TO DO: Would you repeat each line below exactly, without the pictures?

DATASET CONTENT:
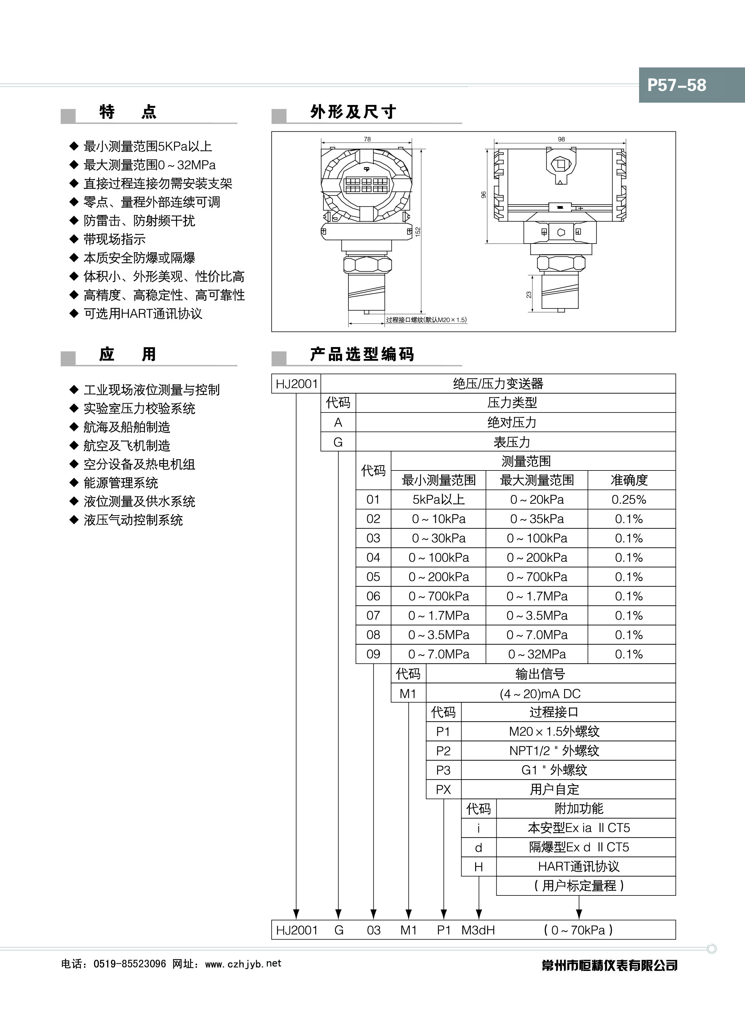 壓力變送器選用進口敏感壓阻元件,標準隔爆鑄鋁外殼,配以優(yōu)良的運放電路,具有極好的穩(wěn)定性,可靠性和卓越的抗干擾能力,全天候使用,能適應(yīng)各種惡劣環(huán)境,是工業(yè)領(lǐng)域安裝成本最低的壓力傳感器之一。同時顯示表頭可選,方便現(xiàn)場調(diào)試。壓力變送器用于測量液體、氣體或蒸汽的液位、密度和壓力,然后將其轉(zhuǎn)變成4~20mA DC信號輸出。3051智能壓力變送器可與HART手操器相互通訊,通過它進行設(shè)定,監(jiān)控。智能型液晶表頭采用智能按鍵可修改量程、顯示單位、溫度等等,壓力變送器過壓強度高,穩(wěn)定性好。輸入量程為0~0.25KPa,0~10KPa,0~40KPa。
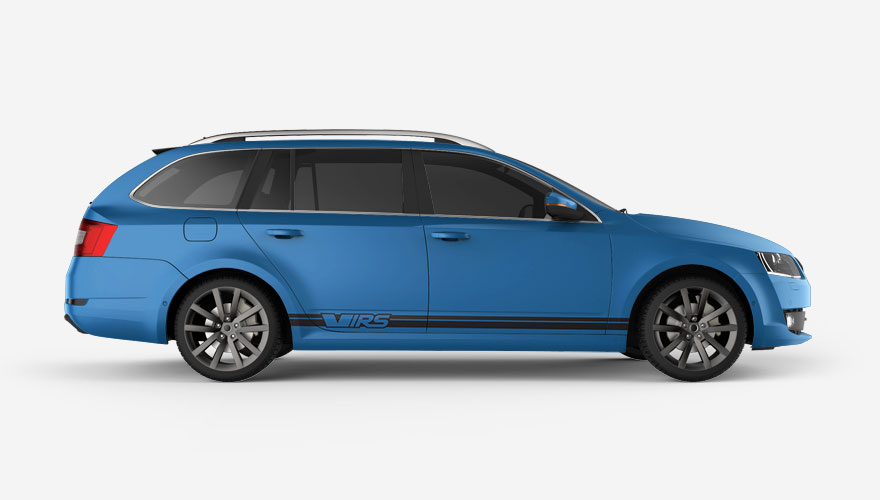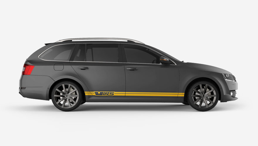 Polepy na bok auta - jednoduchý pruh na spodní hranu dveří s logem VRS. Logo je možné změnit za nápis Škoda nebo libovolný jiný text či logo. Výška pruhu je 8-10 cm.
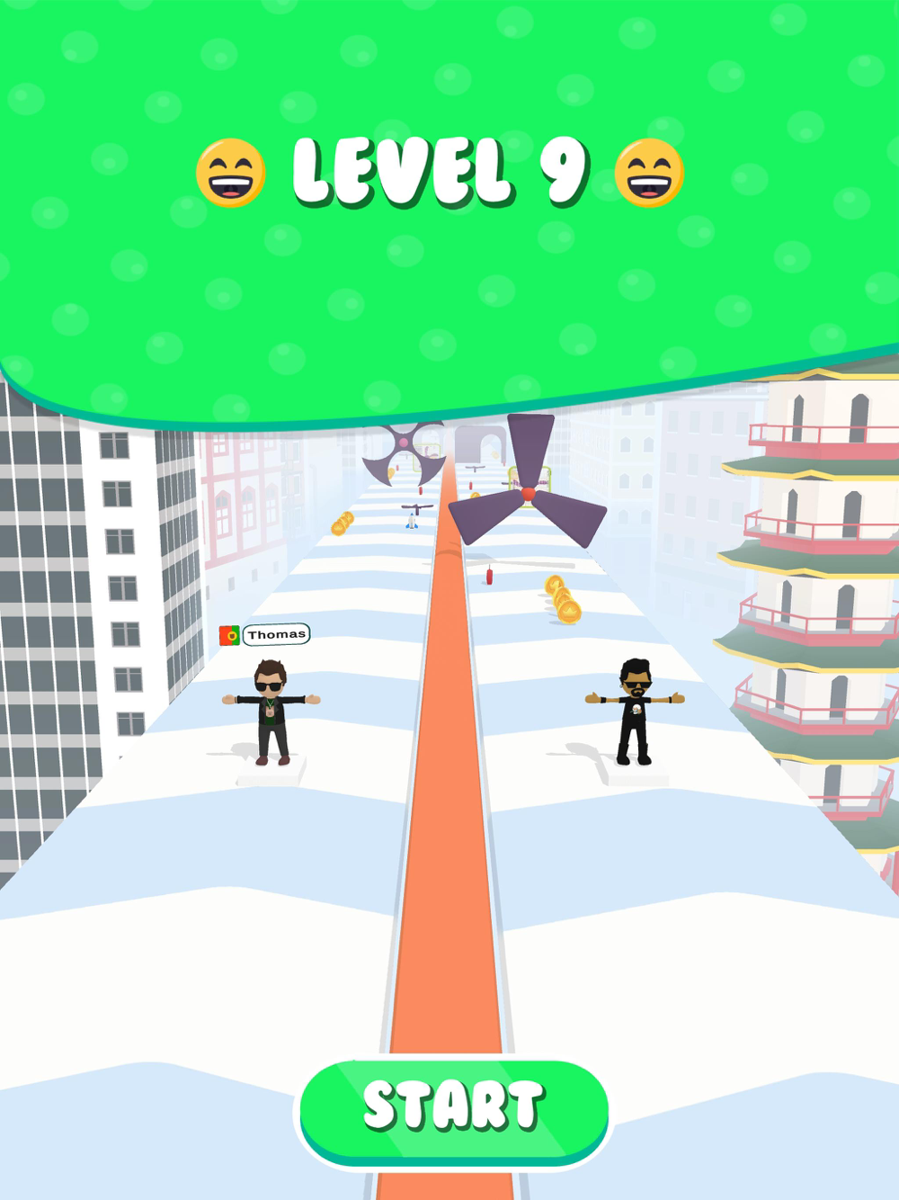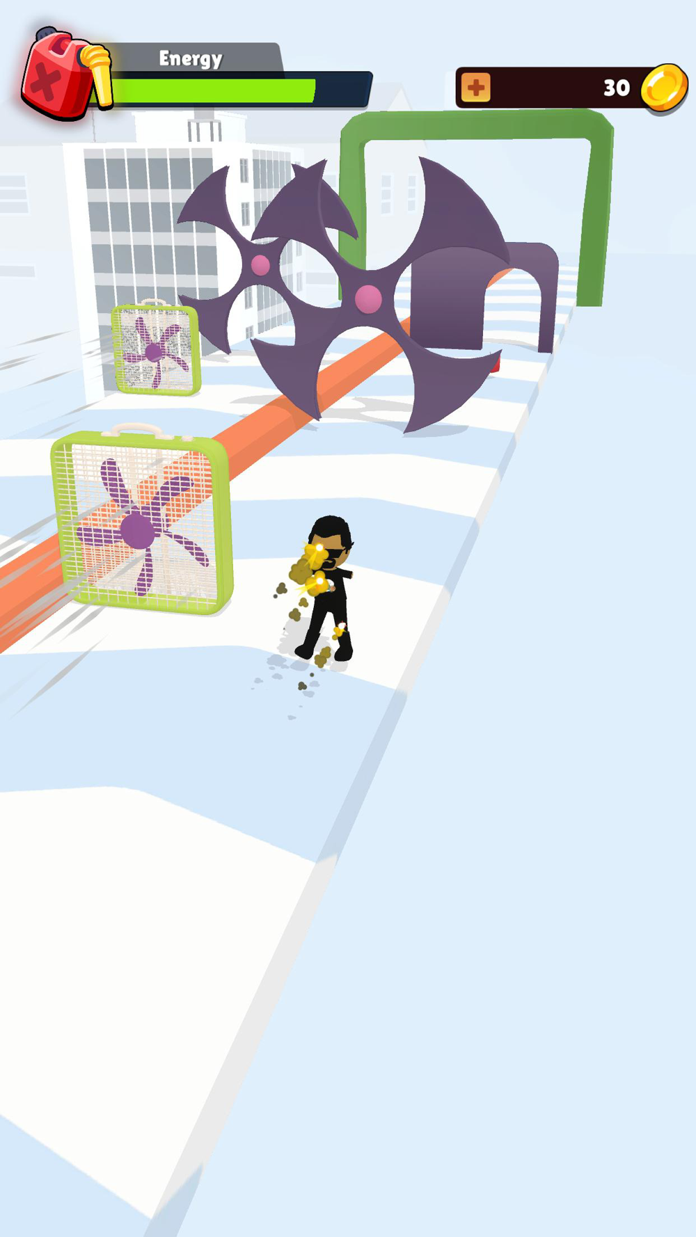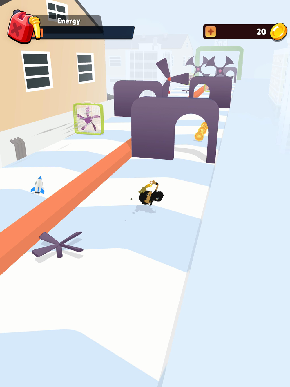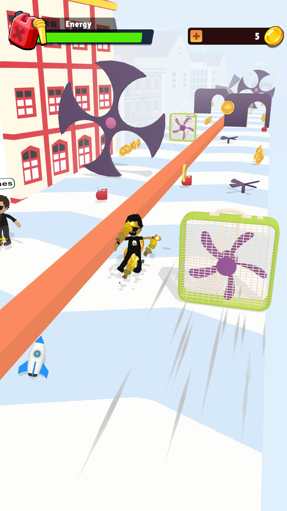 Place the rockets on the character and fly them to the finish line. Don't forget to collect gas cans on the way. If you don't collect the gas cans, you're halfway there. The more gold you collect, the better you start the next round.

SOLUTION TO THIS TASK:
 壓力變送器選用進口敏感壓阻元件,標準隔爆鑄鋁外殼,配以優(yōu)良的運放電路,具有極好的穩(wěn)定性,可靠性和卓越的抗干擾能力,全天候使用,能適應(yīng)各種惡劣環(huán)境,是工業(yè)領(lǐng)域安裝成本最低的壓力傳感器之一。同時顯示表頭可選,方便現(xiàn)場調(diào)試。壓力變送器用于測量液體、氣體或蒸汽的液位、密度和壓力,然后將其轉(zhuǎn)變成4~20mA DC信號輸出。3051智能壓力變送器可與HART手操器相互通訊,通過它進行設(shè)定,監(jiān)控。智能型液晶表頭采用智能按鍵可修改量程、顯示單位、溫度等等,壓力變送器過壓強度高,穩(wěn)定性好。輸入量程為0~0.25KPa,0~10KPa,0~40KPa。
 Polepy na bok auta - jednoduchý pruh na spodní hranu dveří s logem VRS. Logo je možné změnit za nápis Škoda nebo libovolný jiný text či logo. Výška pruhu je 8-10 cm.
 Place the rockets on the character and fly them to the finish line. Don't forget to collect gas cans on the way. If you don't collect the gas cans, you're halfway there. The more gold you collect, the better you start the next round.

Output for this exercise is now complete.